→ **DATA SUPPLIED**
┄┄┄┄┄┄

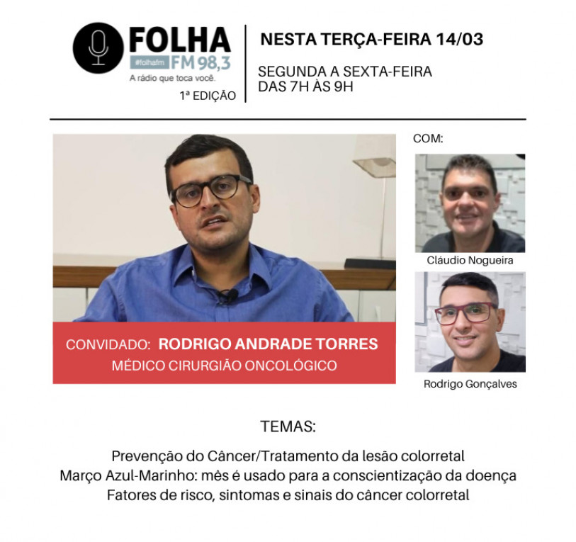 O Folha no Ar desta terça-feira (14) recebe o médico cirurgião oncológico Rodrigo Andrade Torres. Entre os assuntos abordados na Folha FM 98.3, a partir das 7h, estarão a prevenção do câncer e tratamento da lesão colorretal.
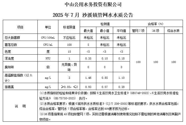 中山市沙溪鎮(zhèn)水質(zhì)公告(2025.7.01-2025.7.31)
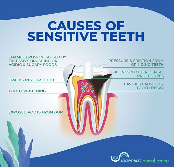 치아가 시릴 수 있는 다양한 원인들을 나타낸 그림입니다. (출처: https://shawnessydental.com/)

┄┄┄┄┄┄

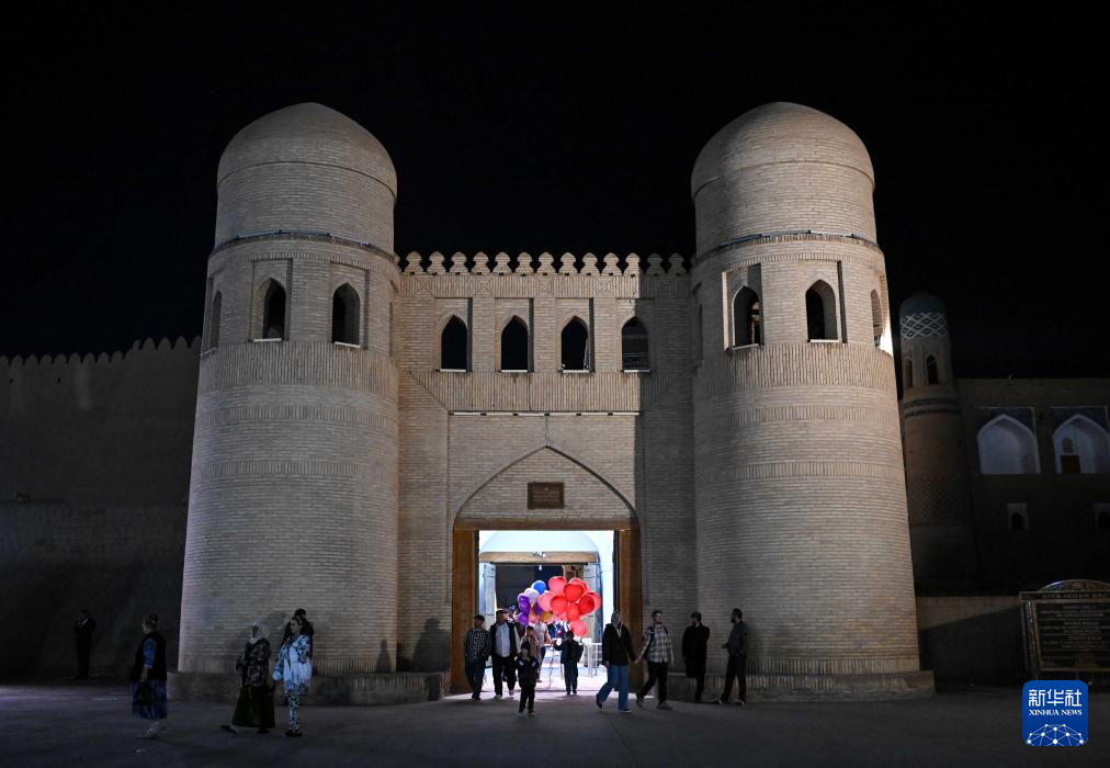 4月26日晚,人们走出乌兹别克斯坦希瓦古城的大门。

┄┄┄┄┄┄

→ **TASK TO CARRY OUT**
Print, exactly, each line above from the one with "中山市沙溪鎮(zhèn)水質" to the one with "치아가 시릴 수 있는", end lines included. Leave pictures out of it.

→ **ANSWER TO THIS TASK**
 中山市沙溪鎮(zhèn)水質(zhì)公告(2025.7.01-2025.7.31)
 치아가 시릴 수 있는 다양한 원인들을 나타낸 그림입니다. (출처: https://shawnessydental.com/)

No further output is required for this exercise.